*** Begin section ***

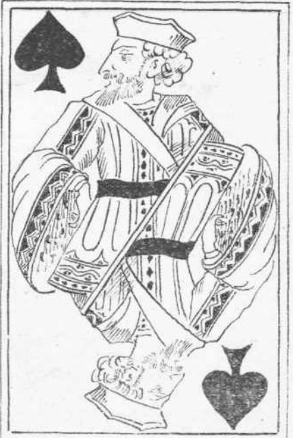
Φασουλῆς καὶ Περικλέτος ὁ καθένας Φάντες σκέτος
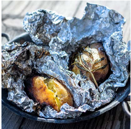
MONTAG Kartoffeln im Feuer
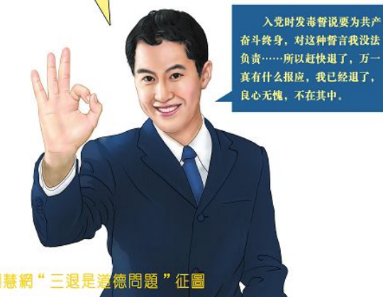
明慧网“三退是道德问题”征图
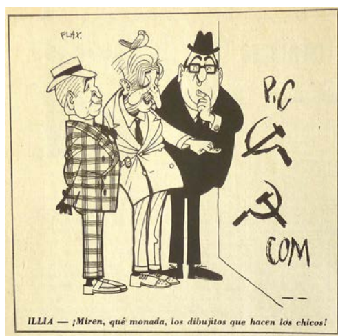
Primera Plana #149. 14/09/1965. Illia observa las pintadas comunistas, por Flax.

Balbín sostiene a un Illia más demacrado que nunca, que se arrastra por el piso preguntando por Onganía ( PP nº 170, marzo 1966, p. 7); Illia, sentado en un sillón, observa como le serruchan el piso agradecido porque no haya huelga de carpinteros ( PP nº 178, mayo 1966, p. 12). Sin embargo, ninguna de estas imágenes, que van mostrando en la línea clara de Palacio cada vez más arrugas, manchas y extremidades huesudas de un Presidente que comúnmente dibuja en una situación de descanso, utiliza la iconografía de la tortuga. Es presentado como “el hombre de la paloma”: el Presidente con una paloma en la cabeza, denotando su carácter manso y connotando carencia de inteligencia.
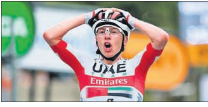
୧୫ତମ ସ୍ଥାନରେ ରହିବା ବ୍ୟତୀତ ଅଲ୍‌ଷ୍ଟ୍ରେରେ ୮ମ ସ୍ଥାନକୁ ଖସି ଆସିଛନ୍ତି। ସୋମବାର ହେଉଛି ଦିଶ୍ୱାମ ବିଦ୍ୟା ମଙ୍ଗଳବାର ଇଲେଡି' ଓଲେନ୍‌ରୁ ଇଲେ ଟି' ରେ ପର୍ଯ୍ୟନ୍ତ ୧୬୮.୫ କିଲୋମିଟର ଦୂରତା ବିଶିଷ୍ଟ ରେସ୍‌ର ୧୦ମ ଷ୍ଟେଜ୍ ଅନୁଷ୍ଠିତ ହେବ।

ଲାହୁର (ଫ୍ରାନ୍ସ), ୭।୯ (ଏସି) ରବିବାର ଏକ ଶ୍ରେଣ୍ଟ୍ ପିନିଶରେ ରଗଲିକ୍ ଓ ମାର୍କ ହିରସ୍ (ଟିମ୍ ସନ୍‌ଡ୍ରେକ୍)କୁ ପଛରେ ପକାଇ ଗାଡେକ୍ ପୋଗାକାର (ୟୁଏଲ ଟିମ୍ ଏମିରେଟ୍ସ) ରୁର ଟି' ଫ୍ରାନ୍ସ ସାଇକେଲ ରେସ୍‌ର ନବମ ଷ୍ଟେଜ୍ ଜିତିଛନ୍ତି। ଅନ୍ୟପକ୍ଷରେ ପ୍ରିମୋକ୍ ରଗଲିକ୍ (କ୍ଲେୟା-ଭିଷ୍ଟା)ବ୍ରିଟେନର ଆଡାମ୍ ଯେଟ୍ସ୍ (ମିଟେଲଟେନ୍ ସ୍‌ର୍)କଠାରୁ ଯୁଦ୍ଧ କରି ବଜ୍ରା କରି ନେଇଛନ୍ତି। ଜଗାନ ବର୍ନାଲ୍ (ଇନିଅସ୍ ଗ୍ରେନାଡିଅର୍) ଏବଂ ମିକେଲ ଲାଷ୍ଟା (ବାହାରିନ୍ ମ୍ୟାକଲରେନ) ସମାନ ସମୟରେ ରେସ୍ ଶେଷ କରିଥିଲେ। ରେସ୍‌ରେ ଆଡାମ୍ ଯେଟ୍ସ୍

*** End section ***

**Description of the task**
Output every entry exactly, leaving out pictures.

**Solution for this exercise**
Φασουλῆς καὶ Περικλέτος ὁ καθένας Φάντες σκέτος
MONTAG Kartoffeln im Feuer
明慧网“三退是道德问题”征图
Primera Plana #149. 14/09/1965. Illia observa las pintadas comunistas, por Flax.

Balbín sostiene a un Illia más demacrado que nunca, que se arrastra por el piso preguntando por Onganía ( PP nº 170, marzo 1966, p. 7); Illia, sentado en un sillón, observa como le serruchan el piso agradecido porque no haya huelga de carpinteros ( PP nº 178, mayo 1966, p. 12). Sin embargo, ninguna de estas imágenes, que van mostrando en la línea clara de Palacio cada vez más arrugas, manchas y extremidades huesudas de un Presidente que comúnmente dibuja en una situación de descanso, utiliza la iconografía de la tortuga. Es presentado como “el hombre de la paloma”: el Presidente con una paloma en la cabeza, denotando su carácter manso y connotando carencia de inteligencia.
୧୫ତମ ସ୍ଥାନରେ ରହିବା ବ୍ୟତୀତ ଅଲ୍‌ଷ୍ଟ୍ରେରେ ୮ମ ସ୍ଥାନକୁ ଖସି ଆସିଛନ୍ତି। ସୋମବାର ହେଉଛି ଦିଶ୍ୱାମ ବିଦ୍ୟା ମଙ୍ଗଳବାର ଇଲେଡି' ଓଲେନ୍‌ରୁ ଇଲେ ଟି' ରେ ପର୍ଯ୍ୟନ୍ତ ୧୬୮.୫ କିଲୋମିଟର ଦୂରତା ବିଶିଷ୍ଟ ରେସ୍‌ର ୧୦ମ ଷ୍ଟେଜ୍ ଅନୁଷ୍ଠିତ ହେବ।

ଲାହୁର (ଫ୍ରାନ୍ସ), ୭।୯ (ଏସି) ରବିବାର ଏକ ଶ୍ରେଣ୍ଟ୍ ପିନିଶରେ ରଗଲିକ୍ ଓ ମାର୍କ ହିରସ୍ (ଟିମ୍ ସନ୍‌ଡ୍ରେକ୍)କୁ ପଛରେ ପକାଇ ଗାଡେକ୍ ପୋଗାକାର (ୟୁଏଲ ଟିମ୍ ଏମିରେଟ୍ସ) ରୁର ଟି' ଫ୍ରାନ୍ସ ସାଇକେଲ ରେସ୍‌ର ନବମ ଷ୍ଟେଜ୍ ଜିତିଛନ୍ତି। ଅନ୍ୟପକ୍ଷରେ ପ୍ରିମୋକ୍ ରଗଲିକ୍ (କ୍ଲେୟା-ଭିଷ୍ଟା)ବ୍ରିଟେନର ଆଡାମ୍ ଯେଟ୍ସ୍ (ମିଟେଲଟେନ୍ ସ୍‌ର୍)କଠାରୁ ଯୁଦ୍ଧ କରି ବଜ୍ରା କରି ନେଇଛନ୍ତି। ଜଗାନ ବର୍ନାଲ୍ (ଇନିଅସ୍ ଗ୍ରେନାଡିଅର୍) ଏବଂ ମିକେଲ ଲାଷ୍ଟା (ବାହାରିନ୍ ମ୍ୟାକଲରେନ) ସମାନ ସମୟରେ ରେସ୍ ଶେଷ କରିଥିଲେ। ରେସ୍‌ରେ ଆଡାମ୍ ଯେଟ୍ସ୍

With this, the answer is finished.